Lambing takes place once a year, near the end of the year (November to January). Lambs are allowed to suckle for 5 weeks and then are weaned off so the ewes' milk can be used for production of Roquefort cheese. Lambs produced that are not being used as replacements for the dairy herd are sent to the market. Due to the lambing time, Lacaune lambs are usually the first to arrive on the market each year.

As in most dairy breeds and animals, mastitis is one of the major causes of culling in herds and flocks. Not as much research has been done on the genetic aspects of intramammary infections in sheep. More genetic testing for mastitis resistance needs to be carried out to improve genetics in the Lacaune sheep breed and their milk quality.

== Selection program ==
The breed began as a dual purpose breed with a low milk production. In the 1980s, the Lacaune genetic improvement program was established. This program wanted to improve the breed as a whole and have the Lacaune sheep be able to compete against foreign breeds that were not as adapted to the environment. Focus was put mainly on increasing the milk production of the breed. This program utilized artificial insemination, milk recording, and progeny testing sires. It started with genomic selection in a few nucleus flocks of sheep. Intensive management and testing were done with these sheep that produced, after a few generations, breeding rams that were able to transfer their genetics to the rest of the populations through mainly artificial insemination. This pyramidal management breeding system is how the improvement of the breed was implemented. There was a slight delay between the original nucleus population and the rest of the commercial population of around 5–7 years. Today, the program has expanded its focus to improving other important aspects such as udder quality, lower somatic cell counts, and milk components. Since the program began, there has been an improvement of over 5 L per lactation, 0.19 g/L of fat content, and 0.17 g/L of crude protein content. The Lacaune breed, due to this extensive program, has the most studied genetics than any dairy sheep breed in the world.

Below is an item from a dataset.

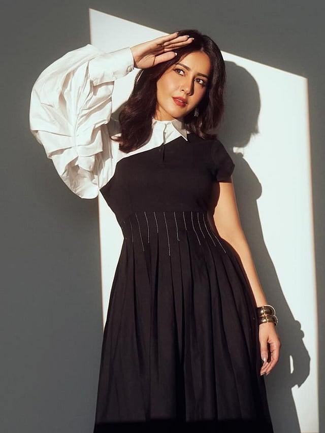 नुकतंच राशी खन्ना हिने ब्लॅक अँड व्हाईट कलरचा वेस्टर्न आऊटफिट वेअर करत स्टायलिश अंदाजामध्ये फोटोशूट केले.

One of the reasons that this programs became so successful was the intense decrease in the cost of genotyping and sequencing the genome in animals. This information is very useful in selecting for physical traits as well as other traits such as scrapie resistance.

== Milk and cheese ==
The milk of the Lacaune is described usually as wholesome with a high butterfat and protein content and rich flavour. The butterfat content of the milk makes it good for producing many different types of cheese.

The main use of the Lacaune sheep is for production of Roquefort cheese. Theirs is the only milk used to produce the cheese. Roquefort is a blue cheese that is usually made from the unpasteurized milk of Lacaune sheep. The semi-soft cheese usually has a creamy and crumbly texture.